Like so many presidents before him, Barack Obama has invited a revered guest to his inauguration: God.
Although the Constitution forbids the government from establishing religion, faith is once again figuring prominently into the nation’s grandest political pageant, just as it has over the course of American history.
Whether Republican, Democrat or Whig, presidents from the nation’s beginnings have invoked the Almighty’s powerful hand to convey their visions in times of calamity and contentment alike.
George Washington credited the birth of a young America to “providential agency.”
Abraham Lincoln, delivering his second inaugural shortly before the end of the Civil War, said God was punishing a bloodied people for the evils of slavery.
John F. Kennedy called in the middle of the Cold War for heeding the command of the prophet Isaiah “to let the oppressed go free.”

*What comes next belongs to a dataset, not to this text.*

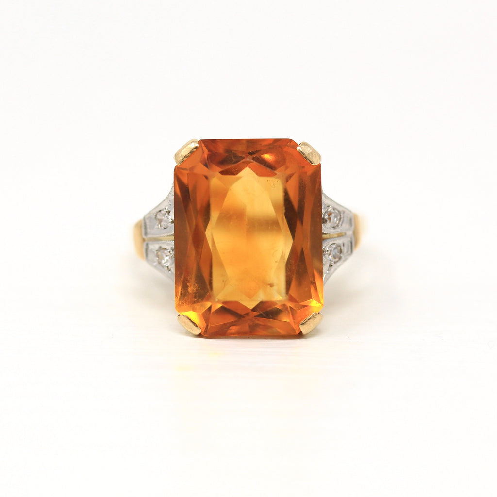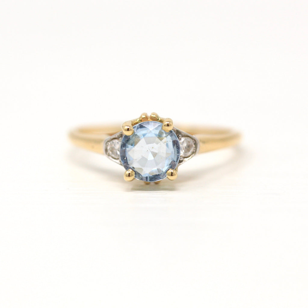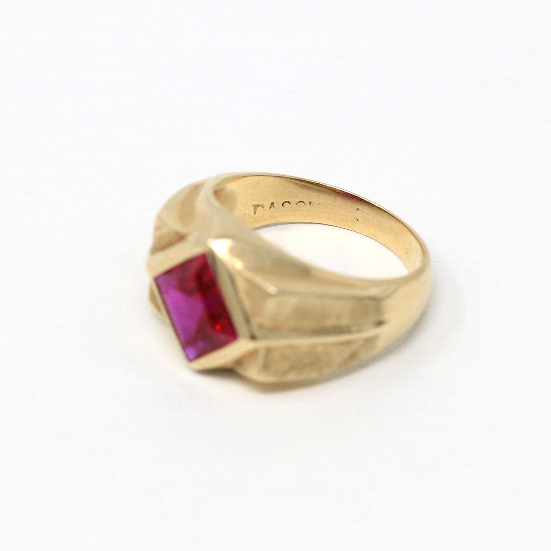 Created Spinel Ring - Retro 10k Yellow Gold Emerald Cut 4.41 CT Blue Stone - Vintage Circa 1940s Era Size 4 1/2 Statement Fine 40s Jewelry
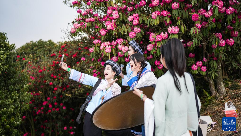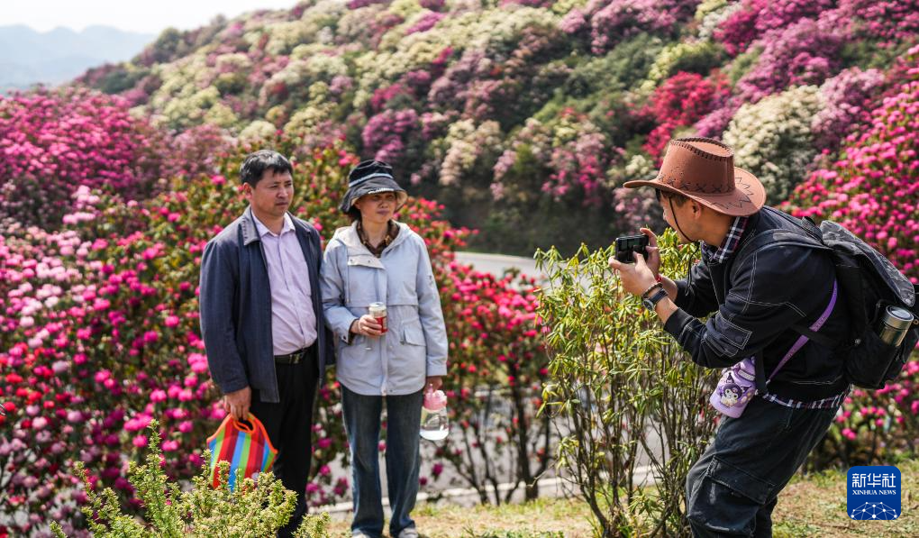 游客在毕节市百里杜鹃金坡景区合影留念(3月29日摄)。

In his inaugural address, George H.W. Bush announced, “My first act as president is a prayer. I ask you to bow your heads.”

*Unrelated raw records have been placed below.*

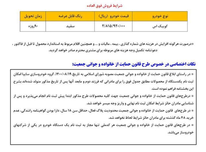 طرح فروش فوقالعاده سایپا (معمولی و مخصوص مادران):
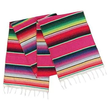 Show more Transform your dining experience and celebrate with vibrant flair using the OurWarm Mexican Table Runner with Tassels. Measuring at a striking 14 inches x 84 inches, this beautifully crafted runner is perfect for adding a festive touch to any gathering. Made from 100% premium cotton, this hand-woven piece features traditional Mexican stripes in a palette of lively colors that inspire an atmosphere of joy and festivity. Its rich material not only enhances the aesthetic but also ensures that it lasts through multiple washes, maintaining its colorful charm over time.
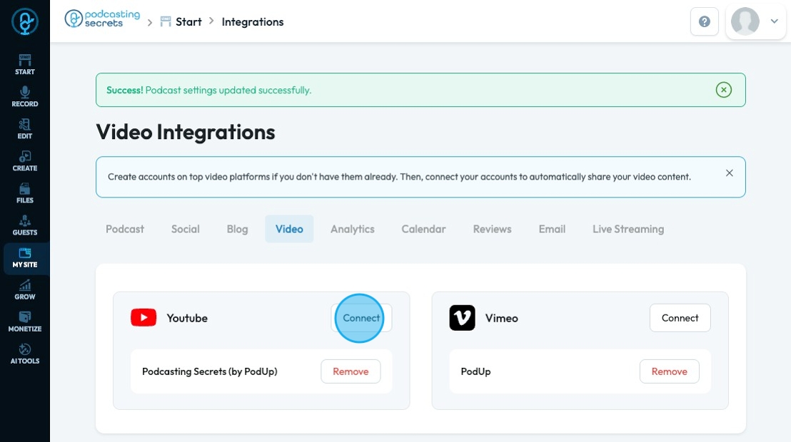 24. Connect video platforms under the "Video" tab. PodUp currently offers 2 video platforms. Click "Connect" to be led to a popup that will guide you through logging in to your account.
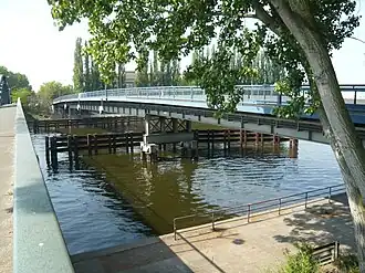 In addition to the historic Stubenrauchbrücke, which has been a listed building since the 1980s,[8] the Berlin Senate, which has been responsible for all of Berlin since the fall of the Wall, had a parallel reinforced concrete beam bridge built 20 meters downstream from the Spree in the early 1990s, which served as a makeshift construction for traffic between Ober- and Niederschöneweide. However, in 1994, both bridges had to be closed to truck traffic. Between 1998 and 1999, extensive repairs were carried out on the Stubenrauch Bridge. These renovations were funded by the Joint Task for Improvement of the Regional Economic Structure and the European Regional Development Fund, with a total cost of 12.5 million marks (equivalent to about 9.5 million euros in today's currency).[9] Engineers from the firm Gregull + Spang were responsible for the project, which included reinforcing the metal structure by installing an orthotropic deck and replacing corroded metal components of the main opening.[10] On the south side of the bridge, a new concrete arch was added to match the design of the northern bridge arch, based on historical plans. Additionally, several historic-style streetlights were installed in the middle section of the bridge.[11]

Atheists, agnostics and others have long objected to the use of religious language and symbols in inaugurations and in other functions of government.
A collection of groups and individuals -- led by a California attorney who has filed unsuccessful lawsuits to remove God from the Pledge of Allegiance and money -- sued again to keep “so help me God” out of the inaugural ceremony. (A judge last week refused to grant the request.) The phrase is not mandated by the Constitution but has been uttered repeatedly by presidents, following a precedent some historians believe was set by Washington at his first inauguration April 30, 1789.
Some legal scholars and historians label such “ceremonial deism” constitutionally permissible because it reflects culture and tradition more than religion. As a result, experts believe God will continue his inaugural role, just as he has for more than two centuries.
Washington used “religion in public life to promote national identity and cohesion,” to “authenticate public acts” and to communicate fundamental values to an infant country, according to a forthcoming book, “Religion and the American Presidency.”
“Presidents have recognized that the American people are overwhelmingly religious,” said Gaston Espinosa, the book’s editor and an associate professor of religious studies at Claremont McKenna College.
“These inaugurals and religious language are used to bring the nation together and to show that God is looking over the people.
“It’s an affirmation of the role religion plays in American polity, but it’s also a way of respecting the boundaries that the Founders set,” Espinosa added. “They wanted to avoid the extremes of church and state being blended . . . and of trying to eradicate the church from all discourse.”
Religion will infuse this week’s inaugural festivities.
Aside from the oath, Obama has invited ministers to deliver prayers before, during and after the inauguration. The openly gay Episcopal bishop from New Hampshire, V. Gene Robinson, delivered the invocation for the opening inaugural event Sunday at the Lincoln Memorial.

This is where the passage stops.